[129] Grounding Language Models to Images for Multimodal Inputs and Outputs

TL;DR

I read this because.. : https://github.com/long8v/PTIR/issues/139 was mentioned in a conversation about
task : LVLM
problem : LIMBeR-like model that can output image -> model that can retreival in interleaved image-text
idea : LIMBeR, but put a [RET] token at the end to make it retreivalable.
input/output : image + text (concat at random with 50% probability) + image + text -> free form of text
architecture : CLIP ViT-L/14 + OPT (6.7B) and train only [RET] with a linear function connecting the vision output (5.5M trainable parameter).

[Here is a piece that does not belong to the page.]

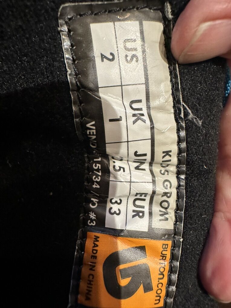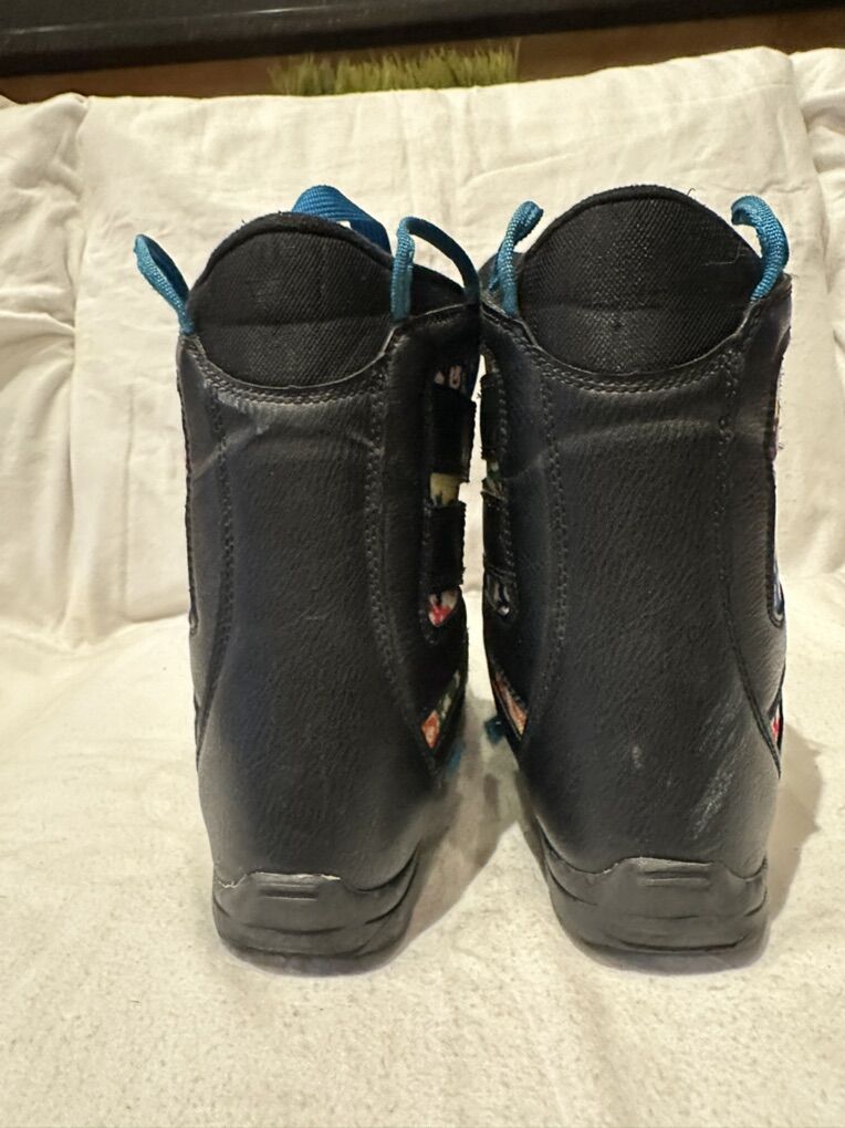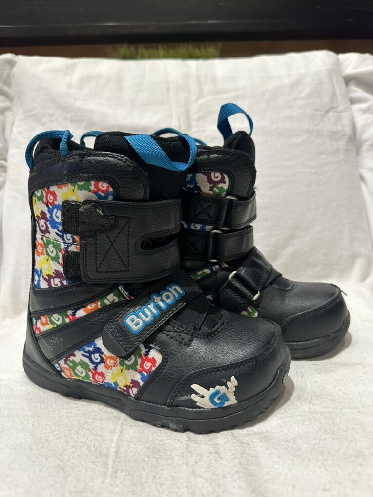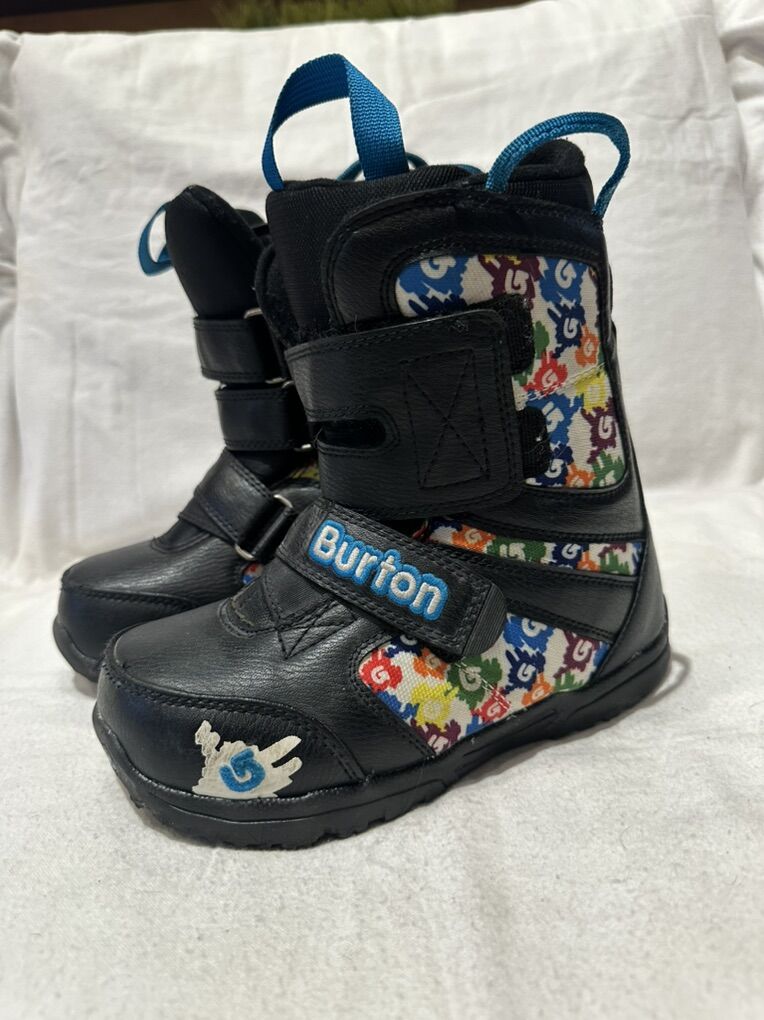 Burton youth size 2 black with colorful print, Velcro closures kids Grom snowboard boots. These are in good condition, see photos for details. I take cash or Venmo, but cash is preferred. Text is best. 801-201-4446. Check out my other ads for additional sizes and styles.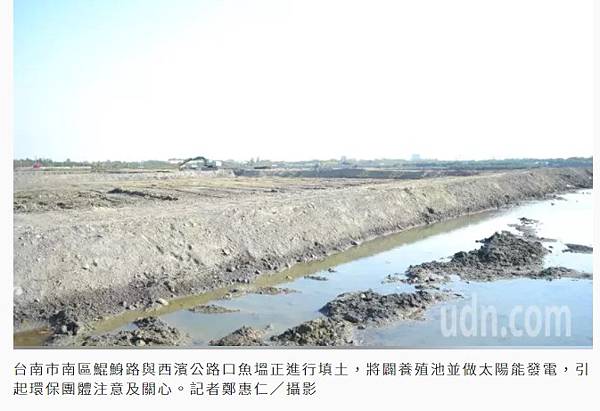 台南市南區鯤鯓路與西濱公路口魚塭正進行填土,將闢養殖池並做太陽能發電,引起環保團體注意及關心。記者鄭惠仁/攝影

objective : captioning loss + retrieval loss
baseline : CLIP ViT-L/14, BLIP, Flamingo, ViLBERT, ESPER
data : (train) CC3M -> (eval) VisualDialogue, Visual Story
evaluation : IT2T(image/text-to-text, text-to-image)R@k, NDCG, MRR, story generation human evaluation
result : single retrieval performs worse than CLIP, but image - text
contribution : Adding new features with minimal training, no need to learn interleaved data like Flamingo!
etc. : CLIP text encoder is bidirectional, what does that mean? It started with CLIP, so I don’t think it’s that great to beat CLIP.